21 Maar men maakt voor zijn zonen een slachtbank gereed, Om de schuld van hun vader; En nooit meer rukken ze op, om de aarde te veroveren, En de wereld met puin te bedekken.
Aparejad sus hijos para el matadero por la maldad de sus padres; no se levanten, ni posean la tierra, ni llenen la faz del mundo de ciudades.
22 Ik zal tegen hen opstaan, Is de godsspraak van Jahweh der heirscharen! Ik zal Babel verdelgen, met naam en geslacht, Met kroost en met spruit, is de godsspraak van Jahweh!
Porque yo me levantaré sobre ellos, dice el SEÑOR de los ejércitos, y raeré de Babilonia el nombre y las reliquias, hijo y nieto, dice el SEÑOR.
23 Ik maak het tot een reigersnest, En tot een stinkend moeras, Vaag het met de bezem der vernieling weg, Is de godsspraak van Jahweh der heirscharen!
Y la pondré en posesión de erizos, y en lagunas de aguas; y la barreré con escobas de destrucción, dice el SEÑOR de los ejércitos.
24 Zo heeft Jahweh der heirscharen Gezegd en gezworen: Waarachtig, zoals Ik het uitdacht, zal het geschieden, Zoals Ik beslist heb, zal het gebeuren!
El SEÑOR de los ejércitos juró, diciendo, se hará de la manera que lo he pensado, y será confirmado como lo he determinado;
25 Ik zal Assjoer breken in mijn land, En op mijn bergen hem vertrappen; Zijn juk zal worden afgenomen, Zijn last hen van de schouders glijden:
quebrantaré al asirio en mi tierra, y en mis montes lo hollaré; y su yugo será apartado de ellos, y su carga será quitada de su hombro.
26 Dit is het besluit voor de hele aarde, Dit is de hand, over alle volken gestrekt!
Este es el consejo que está acordado sobre toda la tierra; y ésta es aquella mano extendida sobre todos los gentiles.
27 En als Jahweh der heirscharen het heeft besloten, Wie zal het beletten; Als zijn hand is gestrekt, Wie trekt ze terug!
Porque el SEÑOR de los ejércitos lo ha determinado, ¿y quién lo invalidará? Y aquella su mano extendida, ¿quién la hará tornar?
28 In het sterfjaar van koning Achaz werd deze godsspraak uitgesproken:
En el año que murió el rey Acaz fue esta carga:
29 Wees niet zo uitgelaten en blij, Filistea, Omdat de stok, die u sloeg, is gebroken; Want uit de wortel der adder schiet een ratelslang op, En haar vrucht is een vliegende draak.
no te alegres tú, toda Filistea, por haberse quebrado la vara del que te hería. Porque de la raíz de la culebra saldrá basilisco, y su fruto, serpiente voladora.
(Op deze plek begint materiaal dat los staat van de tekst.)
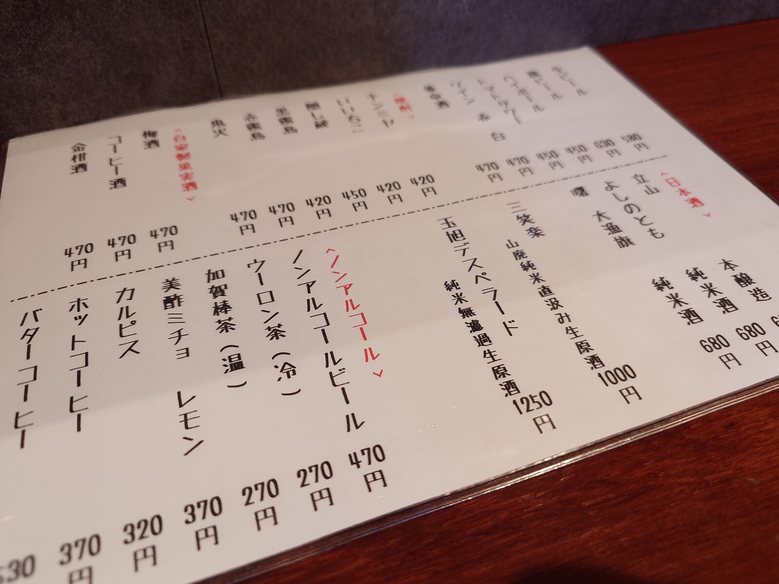 お酒もスタンダードなところを押さえてあって、ささやかなひと時を楽しむには、十分なラインナップ。『金柑酒』とか『バターコーヒー』とか、気になる品々もあるなぁ。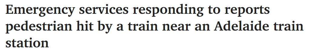 据报道,一名行人在Emerson 火车站附近的Black Forest被火车撞到。 在救护车救治伤者的同时,乘客仍留在列车上。 阿德莱德和Oaklands之间的Seaford line铁路服务已经停止。 图文来源:The Adverti ...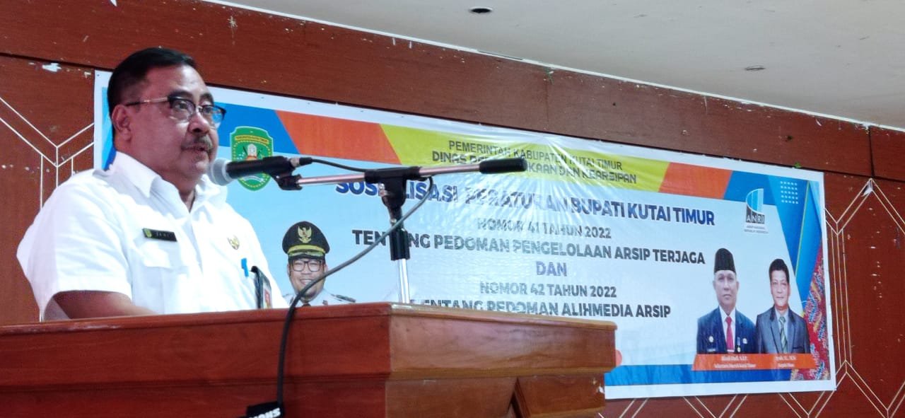 SANGATTA – Sebagai upaya menjaga kualitas pengelolaan kearsipan agar teradministrasi dengan baik diperlukan langkah-langkah konkret mengikuti aturan kerasipan nasional yang terintegrasi dan berkekuatan hukum. Hal inilah yang difokuskan oleh Dinas Perpustakaan dan Kerasipan (Dispusip) Kutai Timur (Kutim) pada kegiatan Sosialisasi Perbup Nomor 41 Tahun 2022 Tentang Pedoman Pengelolaan Arsip Terjaga dan Nomor 42 Tahun 2022 Tentang Pedoman Alih Media Arsip di Ruang Akasia GSG Bukit Pelangi, Rabu (9/11/2022).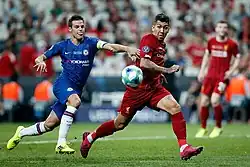 On 14 January 2018, Firmino scored in a 4–3 home win over Manchester City, which saw Liverpool end City's unbeaten league run.[52] On 27 January, Firmino scored and missed a penalty in a 2–3 defeat to West Bromwich Albion in the fourth round of the FA Cup.[53] On 14 February, Firmino scored in a dominant 5–0 away win over Porto in the first leg of the Champions League round of sixteen.[54] On 10 April, he scored in a 2–1 win over Manchester City in the second leg of the quarter-finals of the UEFA Champions League, which saw Liverpool advance to the semi-finals with a 5–1 aggregate win.[55] On 29 April, Firmino signed a new long-term contract with Liverpool.[56][57] Firmino started and played the whole 90 minutes in the 2018 Champions League final, with Liverpool losing 3–1 to Real Madrid.[58][59]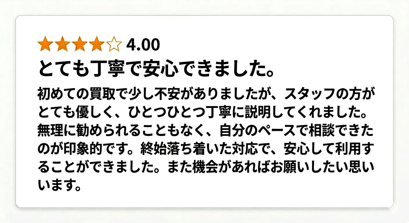 独自の厳しい基準に基づいた買取が行われており、初めての方でも安心して取引できる環境が整っています。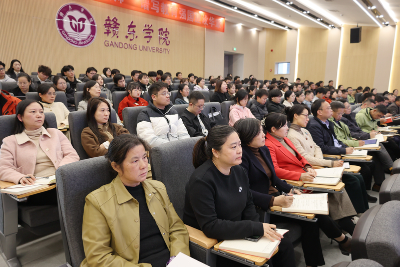 会议第一阶段,抚州市委宣讲团成员、市委政研室主任、改革办副主任戴新平作学习贯彻党的二十届四中全会精神专题宣讲报告。校领导班子成员,副科级及以上干部,辅导员、思政课教师代表,学生代表200余人参加。戴新平以《深学细悟党的二十届四中全会精神 勇担时代使命 书写青春华章》为题,结合抚州市经济社会发展新形势新要求和我校实际,对全会精神作了系统阐述和深入解读。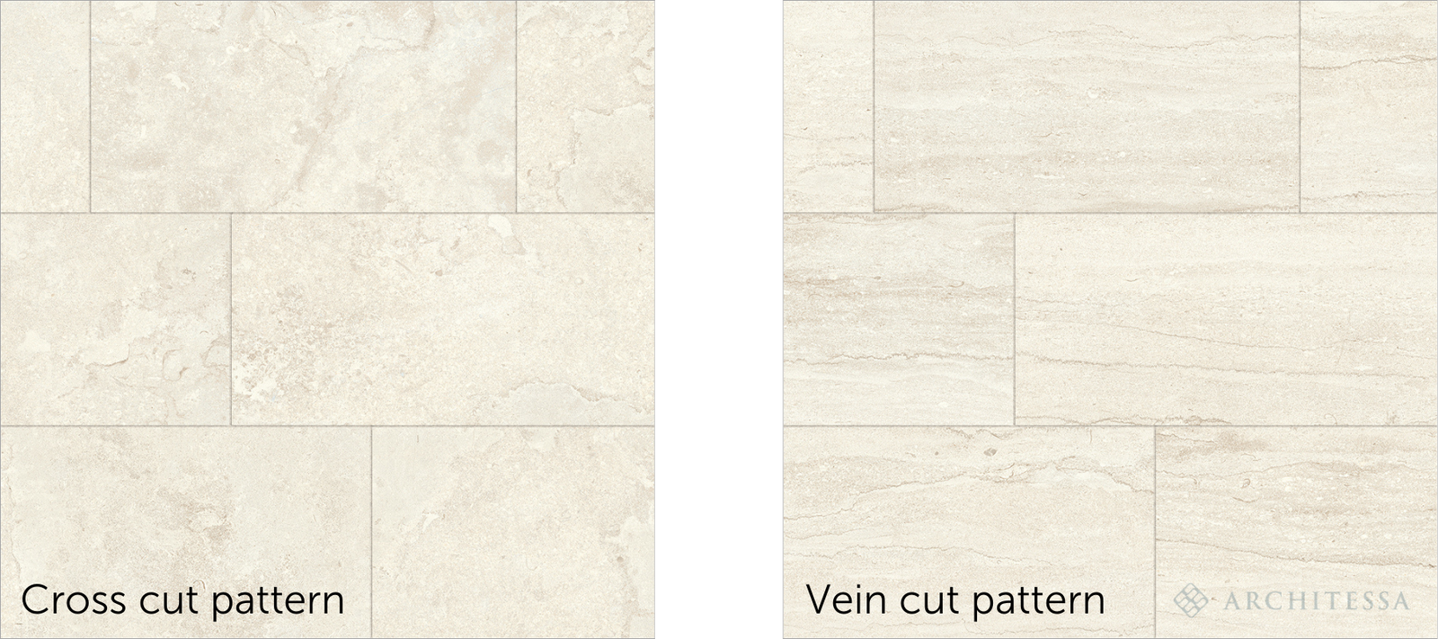SEE THE GRAPHIC BELOW SHOWING THE DIFFERENCE BETWEEN CROSS-CUT AND VEIN-CUT TILES.

30 De zwaksten vinden nog weide, De armen een veilige rustplaats, Maar uw wortel zal Ik van honger doen sterven, En wat van u overblijft, doden.
Y los primogénitos de los pobres serán apacentados, y los menesterosos se acostarán seguramente; y haré morir de hambre tu raíz, y tus reliquias matará.
31 Huilt, poorten; stad, schreeuw het uit, Filistea, sidder van boven tot onder; Want een rookwolk komt uit het noorden, Geen van haar zuilen blijft achter.
Aúlla, oh puerta, clama, oh ciudad; desleída Filistea toda tú, porque humo vendrá del aquilón; no quedará uno solo en sus asambleas.
32 Wat antwoord wordt er gegeven Aan de boden van uw volk: Dat Jahweh Sion heeft gegrond, Daar vindt het benarde volk een toevlucht!
¿Y qué se responderá a los mensajeros de los gentiles? Que el SEÑOR fundó a Sion, y que en ella tendrán confianza los afligidos de su pueblo.